When 17-year-old Brian Mullen went up to bat for the first time in the championship game of the Reviving Baseball in Inner Cities League earlier this month, he couldn’t quite believe he was actually playing a game at Wrigley Field. So he took his time and walked slowly to the plate and let the feeling sink in. The left handed hitting catcher thought of all the great players who had stood where he was standing.

“Babe Ruth batted in the left handed batter’s box that I batted in,” Mullen said. “I thought that was really amazing.
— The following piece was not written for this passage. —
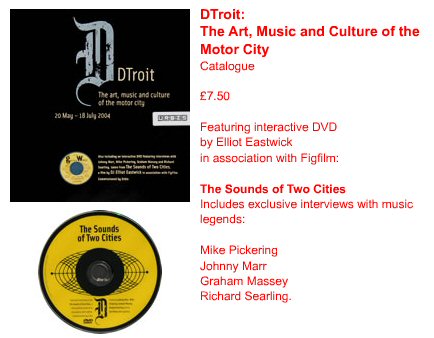 You can now order the DTroit Catalogue from the Urbis Shop which comes with a DVD of "The Sounds Of Two Cities" film by Elliot Eastwick, featuring an interview with Graham Massey. From the Urbis Shop, select 'Exhibitions', then 'DTroit', then 'Catalogue' - cost is £7.50 plus postage. Limited edition of 1,000 copies - also available at Picaddilly Records here. |

When I came up to bat I did just take some extra time to just look around and admire it.”

Mullen and another Forest Park teenager, 17-year-old David Sims, played at Wrigley Field on Aug. 12 as part of a team called the Riots, named after Cub shortstop Ryan Theriot. The squad was composed largely of players from Walther Lutheran High School. They lost the championship of the Chicago RBI League 5-4 to the Little Bulls – named for Cubs pitcher Carlos Zambrano.
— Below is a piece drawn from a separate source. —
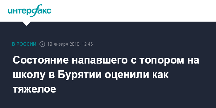 Москва. 19 января. INTERFAX.RU - Состояние подростка, совершившего нападение на школу в Бурятии, остается тяжелым, сообщил "Интерфаксу" осведомленный источник.
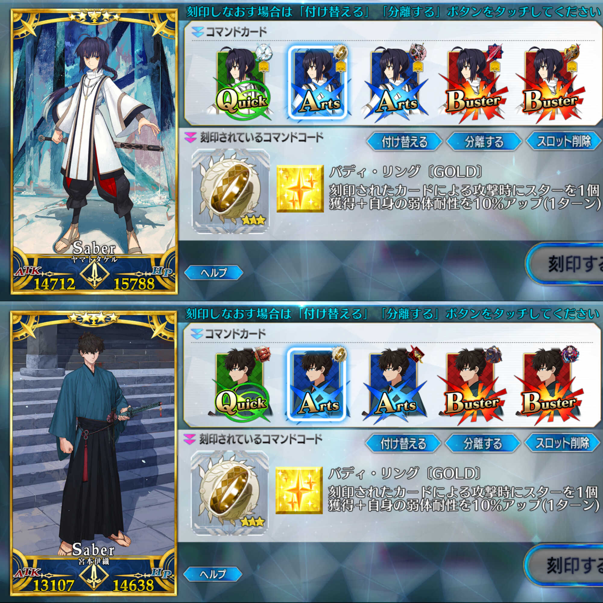 弱体付与成功率アップ、いまだに能動的に味方へ付与できるの術ギルしかいないんだよな……オベロンは控えに行くと効果消えるし。術ギルとノクナレアは同じA宝具同士で向こうはNP50%持ち(アペンド込みなら70%)で即宝具が狙える、ノクナレアは足りない攻撃バフをもらえると相性もいいという。>>912

Sims, a senior at Proviso Math and Science Academy who plays on the Proviso East baseball team, joined Riots after his Proviso East team dropped out of summer play because they lacked enough players. Left without a team this summer, Sims bumped into Mullen, a middle school classmate and former Forest Park Little League teammate, at a Little League game where Mullen was watching his cousin.

Mullen invited Sims to play with the Walther Lutheran summer team. The team played in the RBI league as well as a league in DuPage County. The RBI league is sponsored by the Cubs.

The RBI program was begun by Major League Baseball in 1992 and aims to increase the participation of inner city kids in the sport. Walther Lutheran, a suburban private school, is part of the league because its team typically includes a mixture of city and suburban kids. Two years ago Mullen made an RBI all star team and played in a national tournament in California.

Sims got a late start in baseball, not really playing the game until he was 11 years old. Up to then he had played mostly soccer, but quickly took to the diamond.

“Once I started playing I was like a natural,” Sims said. “I was good at it. I just like the game. It’s fun to play. It’s my favorite sport.”

Sims, an outfielder, pinch hit and played three innings in left field during the championship game, patrolling the same ground as Cubs outfielder Alfonso Soriano.

He walked in his only at bat and scored from second base.

Standing on first base, Sims tried to soak up the surroundings.

“I was looking around the whole park,” Sims said. “It was a good feeling. I was scared at first when I was leading off the base because I wanted to stay there as long as possible.”

But soon he became less aware of where he was and concentrated on the game.

“It really wasn’t that different because after a while I wasn’t really paying attention to the stadium, I was paying attention to the game,” Sims said.

Both Mullen and Sims are Cubs fans, which made playing at Wrigley extra special to them. Mullen made sure he got there early so he could claim the Cubs third base dugout for his team.

Mullen, a 5-foot 10-inch, 185-pound catcher who is now a senior at Walther, went one for three at the plate. He smashed a line drive single to left field, walked and scored a run. Mullen also made like his favorite player, catcher Geovany Soto, throwing out a runner trying to steal second base.

Like Sims, he managed to overcome most of his awe and concentrate on the game.

“It was surprising to me how regular it felt out there,” said Mullen. “Leading up to it I thought it was going to be so different and I thought I was going to be awestruck the whole time, but once I got into the game it just felt normal.”

His father Joe, the only White Sox fan in the Mullen family, coached first base for the Riots. He said it was a pretty exciting experience to stand in that first base coaching box at Wrigley, and even better to watch his son play there.

“I know he worked very hard for a long time to get better and better and better and to see it pay off like this is going to be, I think, great for his future,” said Joe Mullen.

Mullen has always loved baseball. Both his mother Georgine, and dad play softball.

“Ever since I was born I was surrounded by some kind of baseball or softball,” said Mullen.

His grandparents, four aunts, and nine cousins joined his mother in the Wrigley Field stands. His 9-year-old cousins Mia Vilanova of Forest Park and Molly Frank of Naperville each got a chance to announce Brian’s name on the portable public address system when he came up to bat.

Mullen lives and breathes baseball.

“He is one of the most baseball oriented human beings that I know,” Don Gillingham, his coach at Walther Lutheran, said. “He’s all baseball all the time.”

Mullen’s leadership qualities were recognized this summer in the RBI League when he won an award. Cubs player Mike Fontenot handed him his plaque during an announcement to the crowd at the Cubs’ July 23 game at Wrigley against the Florida Marlins.